Transcribe all of the records, leaving out any pictures.

[Data extracted from a collection]
=====
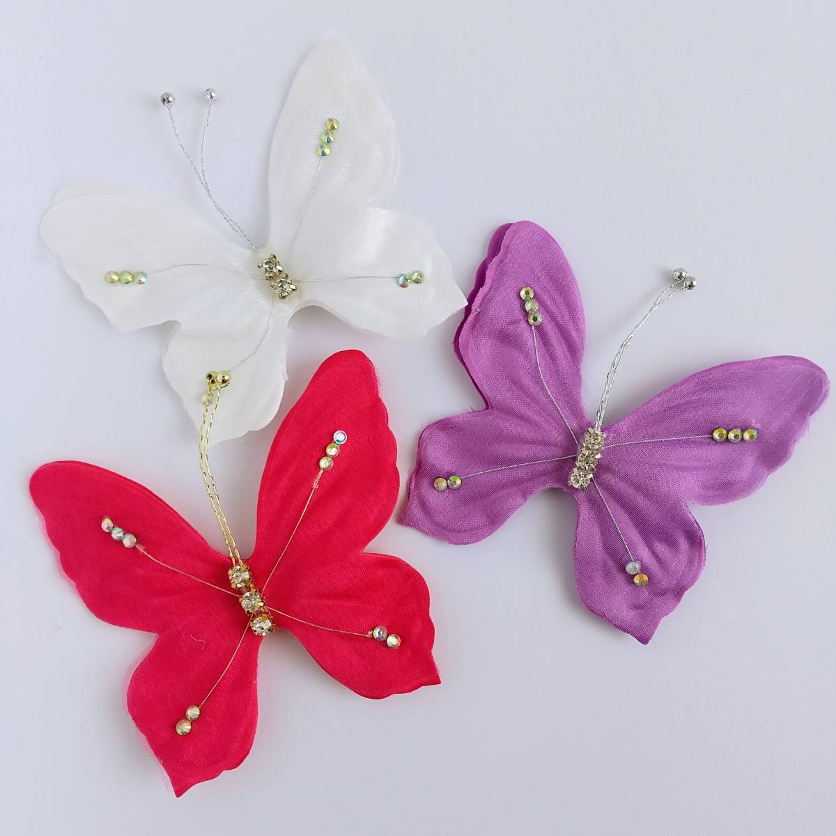 - ☆3点セット☆蝶モチーフのアクセサリー/ヘアアクセサリー/ブローチ/パーティー/デモンストレーション/衣装小物☆中古
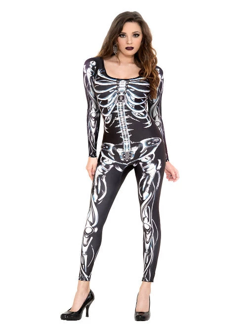 Bring the treats this Halloween and show off your hot bod in this black Mechanical Skeleton Catsuit featuring a scoop neckline, long sleeves, a scoop back, a skinny leg, and a white mechanical skeleton print with blue accents.
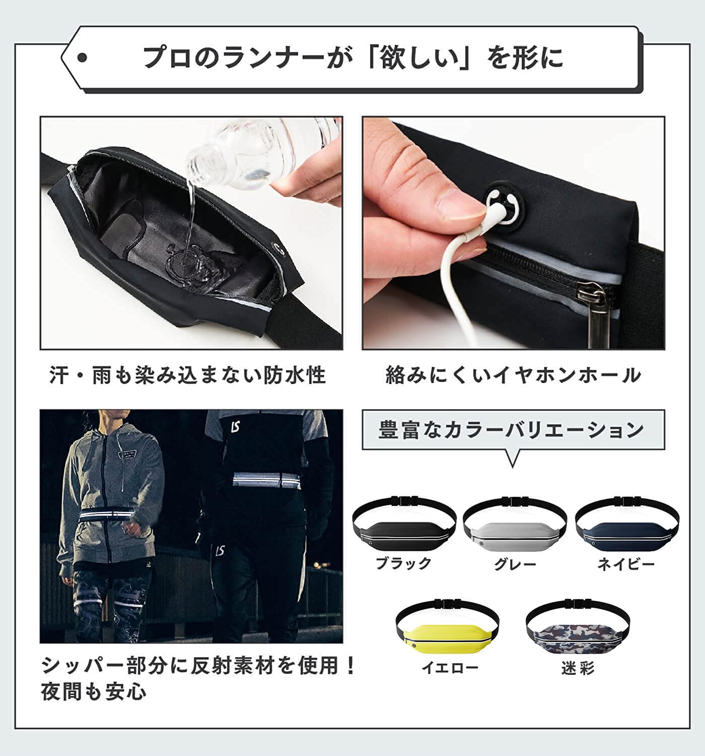 【新着商品】ランニング ポーチ 【日本代表ランナー監修】 ウエスト バッグ 揺れない 軽量 大容量 伸縮 スマホ ボディバッグ ユニセックス ジョギング ウォーキング
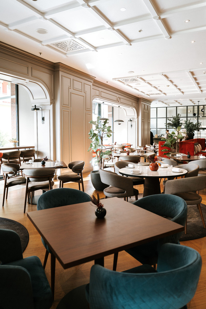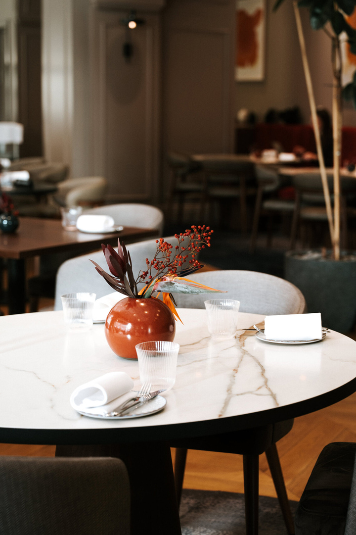 A warm, neutral palette of natural wood, stone-like finishes, soft textiles, and leather creates a calm and inviting setting. An open layout with thoughtfully arranged seating subtly defines zones while maintaining visual continuity and privacy. Comfortable banquettes, upholstered chairs, and custom tables encourage relaxed dining and reinforce a sense of quality. Layered lighting shapes a warm atmosphere that transitions effortlessly from day to night.
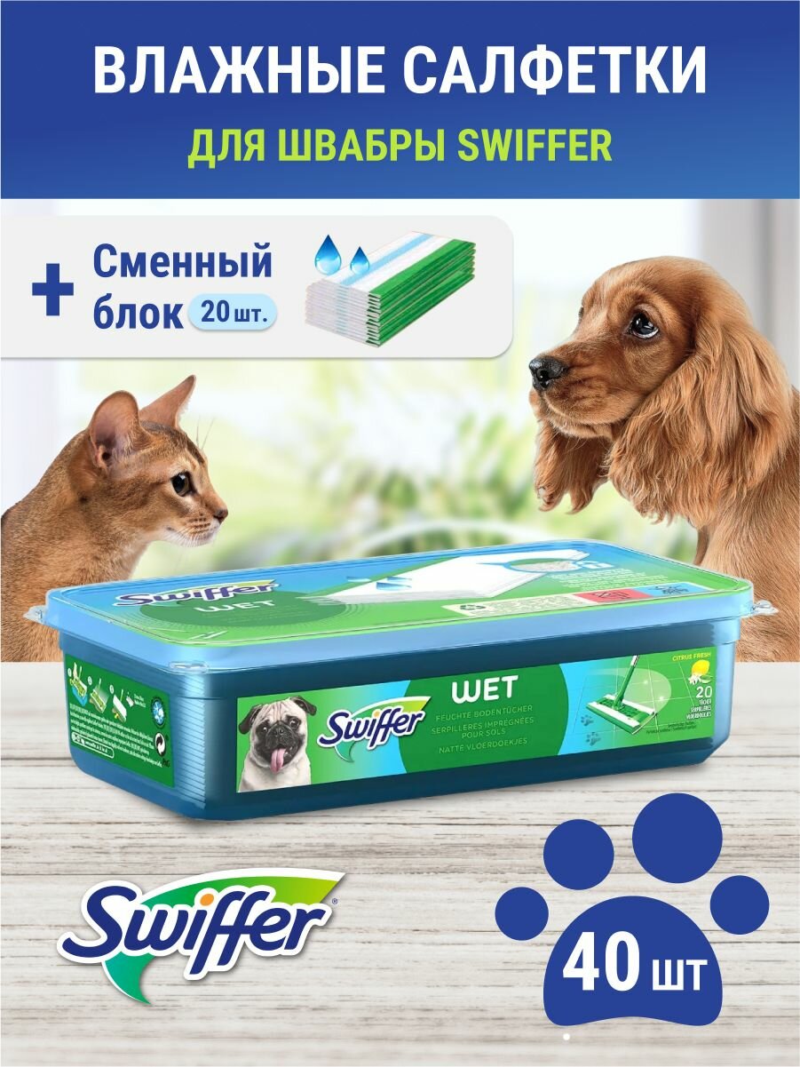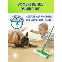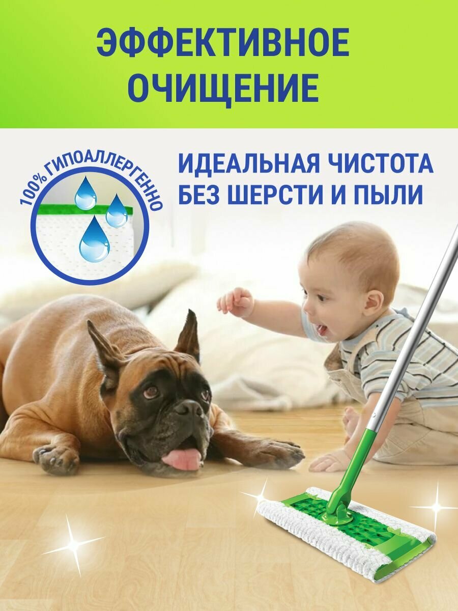 Просто прикрепите влажную одноразовую салфетку Swiffer к швабре, чтобы быстро и безопасно убрать повседневную грязь, без ополаскивания. Никогда еще мытье пола не было таким простым и удобным. Салфетка пропитана особым средством, которое абсолютно безопасно для детей и домашних животных, при этом оставляет запах свежести. Притягивает и задерживает грязь лучше, чем любая тряпка с водой. Уникальная формула улавливает и блокирует пыль, загрязнения, волосы и шерсть домашних животных глубоко в ткани.
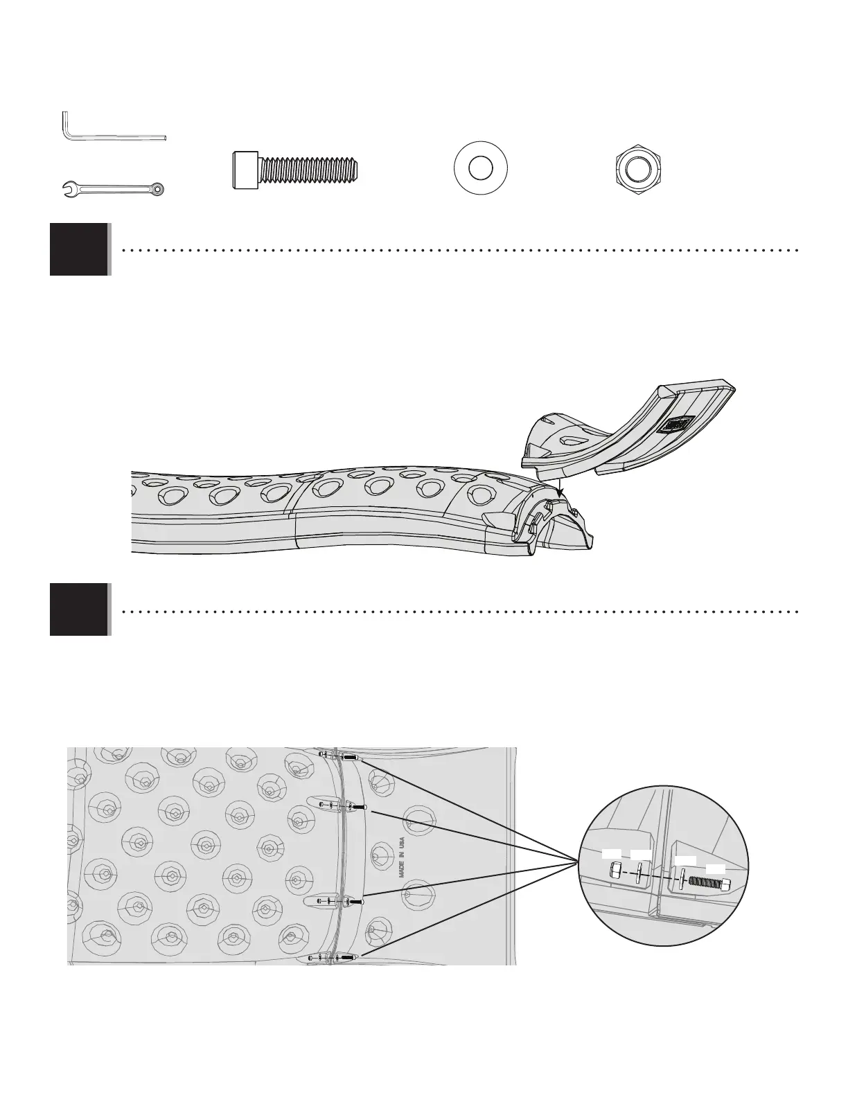 • Secure the slide parts with the hardware indicated.
=====
TASK SOLUTION:
 - ☆3点セット☆蝶モチーフのアクセサリー/ヘアアクセサリー/ブローチ/パーティー/デモンストレーション/衣装小物☆中古
 Bring the treats this Halloween and show off your hot bod in this black Mechanical Skeleton Catsuit featuring a scoop neckline, long sleeves, a scoop back, a skinny leg, and a white mechanical skeleton print with blue accents.
 【新着商品】ランニング ポーチ 【日本代表ランナー監修】 ウエスト バッグ 揺れない 軽量 大容量 伸縮 スマホ ボディバッグ ユニセックス ジョギング ウォーキング
 A warm, neutral palette of natural wood, stone-like finishes, soft textiles, and leather creates a calm and inviting setting. An open layout with thoughtfully arranged seating subtly defines zones while maintaining visual continuity and privacy. Comfortable banquettes, upholstered chairs, and custom tables encourage relaxed dining and reinforce a sense of quality. Layered lighting shapes a warm atmosphere that transitions effortlessly from day to night.
 Просто прикрепите влажную одноразовую салфетку Swiffer к швабре, чтобы быстро и безопасно убрать повседневную грязь, без ополаскивания. Никогда еще мытье пола не было таким простым и удобным. Салфетка пропитана особым средством, которое абсолютно безопасно для детей и домашних животных, при этом оставляет запах свежести. Притягивает и задерживает грязь лучше, чем любая тряпка с водой. Уникальная формула улавливает и блокирует пыль, загрязнения, волосы и шерсть домашних животных глубоко в ткани.
 • Secure the slide parts with the hardware indicated.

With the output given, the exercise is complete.